しかし、現在ではこのような消費行動が変化しつつある。
それがまず現れているのが、購入場所。みなさんは、傘を購入するときどこに行くだろうか。「コンビニ」と答える人が多いかもしれない。実際、過去のピーク時には、年間4,500万~5,500万本が売れると言われていた。だが、近年は販売数量は微減が続いている。こうした動きと対照的に、販売数を伸ばしているのが、雑貨などを扱う「PLAZA」なのだ。
理由は、傘の“種類”にある。
「現在、PLAZAの傘の販売割合は、晴雨兼用傘が62%、雨傘が38%と完全に逆転しています。晴雨兼用の折りたたみ傘を持ち歩き、晴れの日は日傘として使い、もちろん雨の日は雨傘として使うケースが多いのです。そのため、一昔前とは、購買行動が変化していると言えます」
とは、同社バイヤーの大塚里奈氏。コンビニで売れる傘が、非常時の“緊急購買”中心である雨傘なのに対し、晴雨兼用傘は“お気に入りの1本”を求める傾向が強い。ゆえに、PLAZAのような店舗に足を運ぶと推察できる。

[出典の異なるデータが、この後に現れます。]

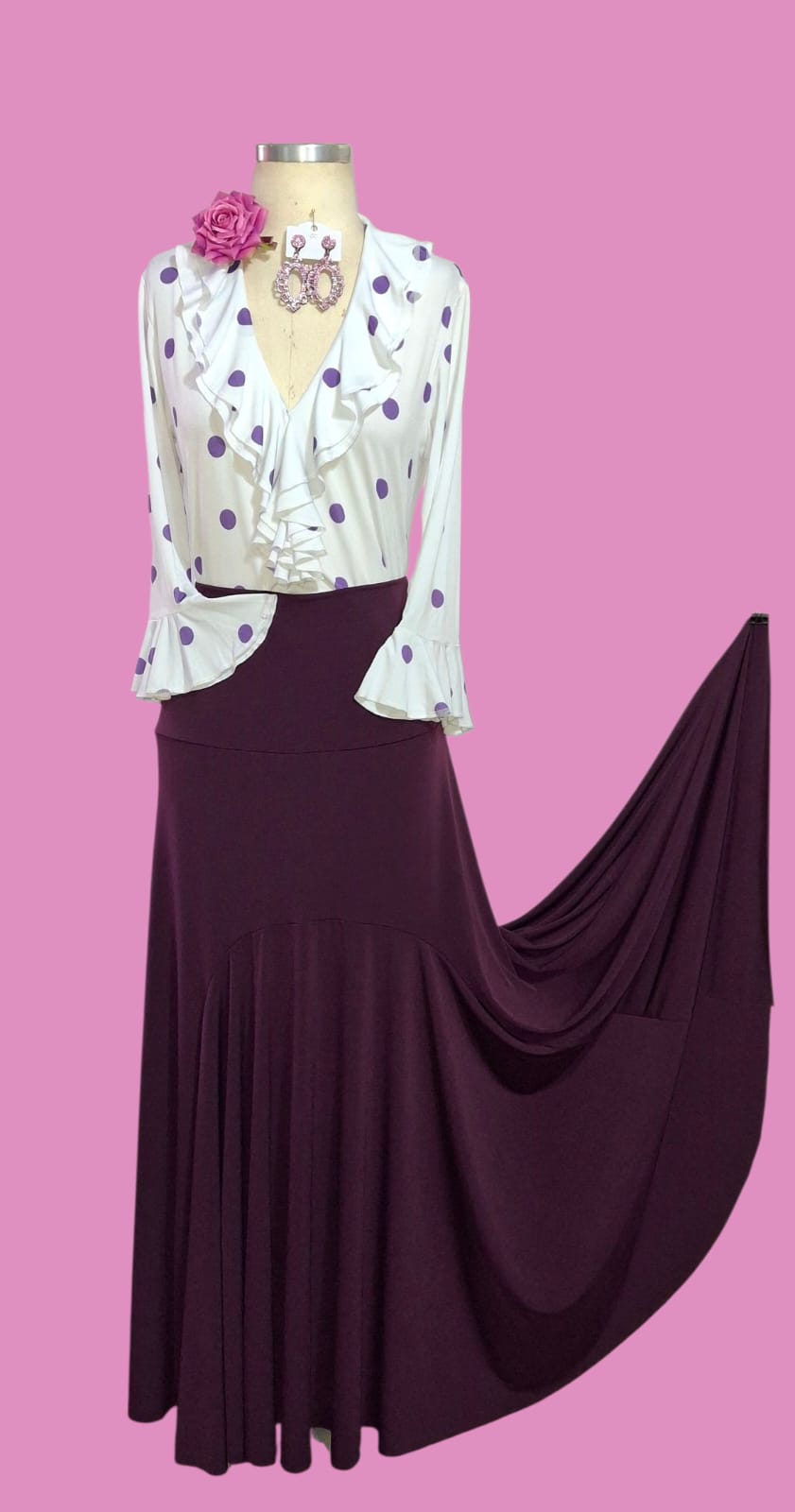 Saia para dança flamenca e para o dia-a-dia. Confeccionada em malha ITY (poliéster e elastano).

「PLAZAのメイン顧客は女性ですが、晴雨兼用傘は若年男性も購入されたり、お子さまへのプレゼントとしてお母さまが購入されることもあります」(大塚氏、以下同)
慌てて傘を買う、が減った
さらに、突然の雨で慌てて購入するケースは、かつてより少なくなっているそうだ。
「天気予報と雨雲レーダーの進化、普及で、雨傘の売上は少なくなっているとメーカーさんがおっしゃっていました。多くの消費者は家を出る前にスマホで予報やレーダーをチェックする習慣がつき、あらかじめ傘を持っていくようになったからです」
スマホのアプリで簡単に確認できるようになり、天気予報に接する機会が増えているとも考えられる。こうした情報の発達に加え、そもそものお天気事情が、雨傘から晴雨兼用傘ないし日傘への移行理由として大きいと、メーカーは分析しているという。

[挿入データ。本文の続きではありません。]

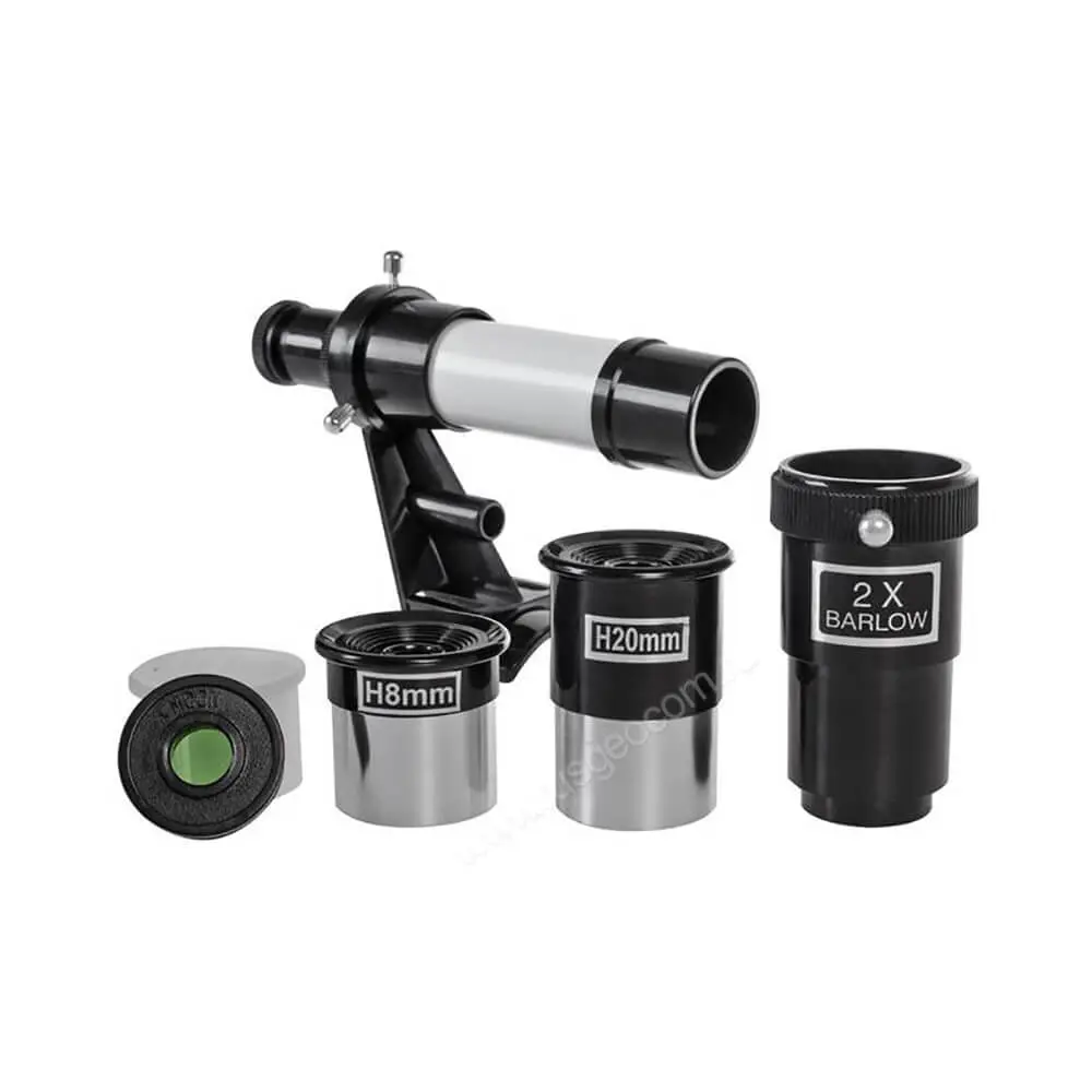 В комплект к телескопу входят два окуляра (8 мм и 20 мм) и 2х кратная линза Барлоу, благодаря этому можно менять кратность увеличения простой заменой окуляров.

「ここ数年は降雨量が平均を下回り、かわりに猛暑日や残暑が増えています。一方で、短時間に一気に雨が降るという不安定な天候。そのため、日傘をメインとして使いつつ、急な雨にはそのまま日傘を雨傘として代用されている印象があるようです。梅雨の時期でも、1日中雨の日は少なくなり、日傘で一時的に防げればいいという声もあるそうです。雨傘のでも、急な雨に備えて持っておける、軽量やコンパクトなものの売れ行きが好調になっているといいます」
慌てて傘を買う、が減ったこともコンビニの傘の売り上げが鈍化した要因なのだろう。